所以说只要满足P2a就能满足P2从而我们最初的目的也能达到，至少目前是这样的。但是，我们再回过头来看P1，就会发现，其实还有一些地方是我们遗漏的。我们知道，成员之间的通信是异步的。假如有一个acceptor，暂称其为C，还未收到任何提案的时候有一个编号为m的提案就已经被选中了。假设这时一个新的proposer被唤醒，然后提交了一个编号大于m的提案，并且该提案的值和m也不相同。当C收到这个提案以后，根据P1，C是必须要批准这个提案的。这时就违背了P2a了。对于P2a，我们能看出，是站在acceptor角度提出的。因此就产生了上面的问题。所以需要再次站在proposer的角度来提出一些限制。

P2b：一个值为v的提案被选定了，该提案编号为m。那么对于任何编号大于m的由proposer提交的提案的值必须为v。

同样我们引用原文

P2b: If a proposal with value v is chosen, then every higher-numbered proposal issued by any proposer has value v.

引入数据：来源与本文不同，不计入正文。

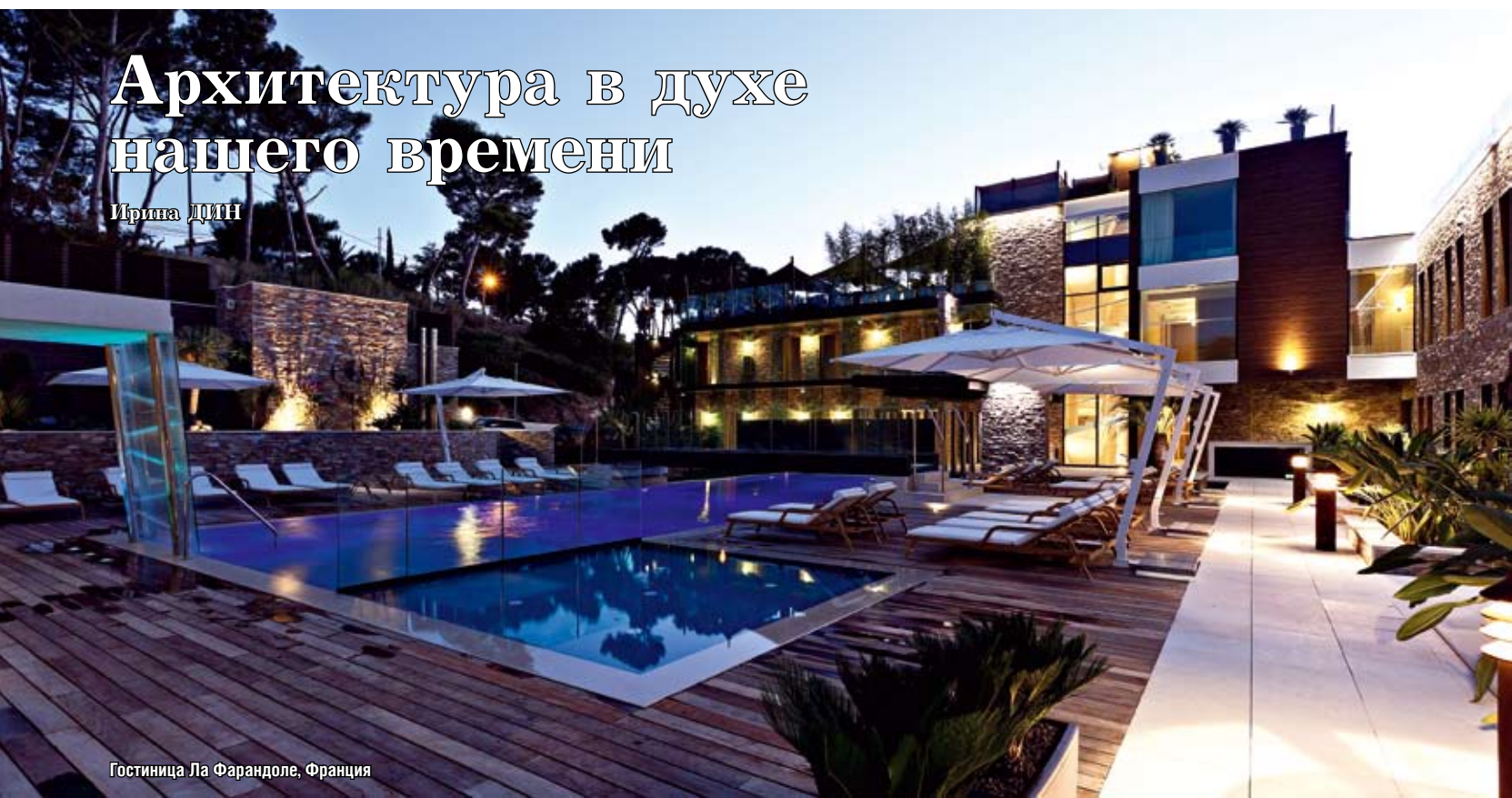
Гостиница Ла Фарандоле, Франция
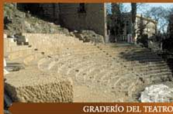
GRADERÍO DEL TEATRO

En la ladera norte de esta colina ha sido localizado uno de los cementerios de la ciudad fenicia cuando se realizaban las obras del nuevo túnel, hecho que permitió conocer algunas tumbas, construidas con sillares, y restos de ricos adornos personales de los allí enterrados, como magníficos pendientes de oro.
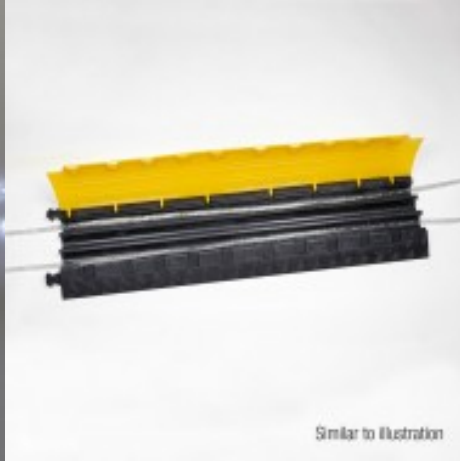
Similar to illustration
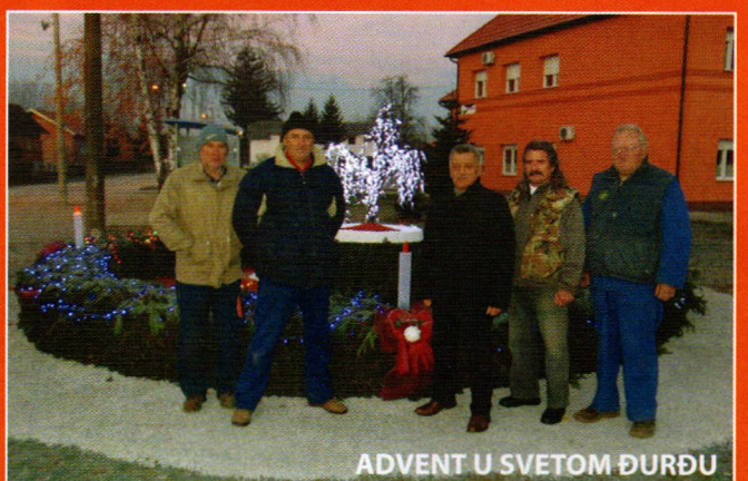
ADVENT U SVETOM ĐURĐU
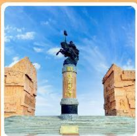
เขตท่องเที่ยวเจงกีสข่าน
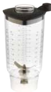
BTC.113 (0,9 l) Vaso con cuchilla para BTC.9 217,80 €
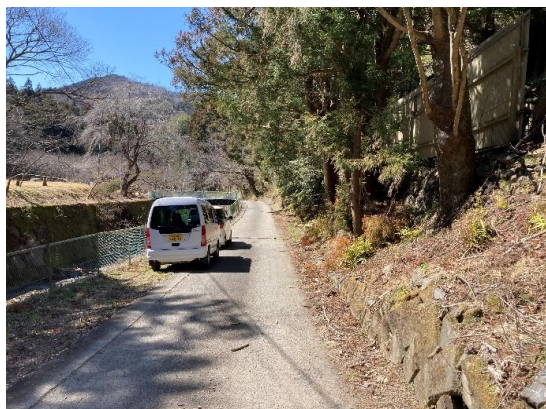
敷地前道路 2項道路となっている(狭あい協議要)
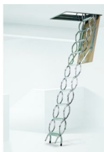
Escalera Escamoteable Tijera Metalica Galvanizada ZX
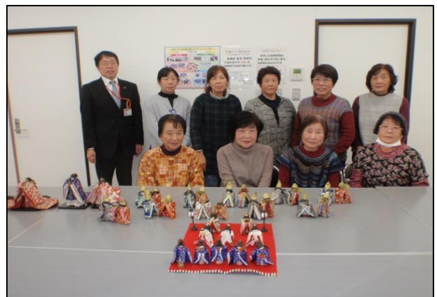
【参加者のみなさん】

由于一个提案在被acceptor批准之前必须由提议者提交，因此P2b可以满足P2a从而满足了P2。在这里，站在proposer的角度提出了P2b。那又该如何来保证P2b呢？我们假设某个编号为m，值为v的提案被选中了，对于任何被提出的编号为 n（n > m）的提案，其值都为v。现在我们使用归纳法来证明该说法是成立的。

提案[ m , v ]被选中，我们的假设条件如下

对于编号在 m...(n-1) 中的任何一个被提出的提案的值都为v。

同时由于提案m被选中，因此肯定有一个集合C，包含半数以上的acceptor，C中的每一个acceptor都批准了提案m。因此我们可以推断出，在C中的每一个acceptor都批准了编号在m...(n-1)范围内的一个提案，并且m...(n-1)中的被任意一个acceptor批准的提案的值都为v（这里需要注意的是，任意一个acceptor并不都是值得C中的acceptor）。

由于任意一个集合S，包含了半数以上的acceptor，肯定会至少包含一个C中的acceptor，所以我们可以通过下面的条件来满足P2b。也就是任意一个被提出的编号为n (n > m)的提案的值都为v。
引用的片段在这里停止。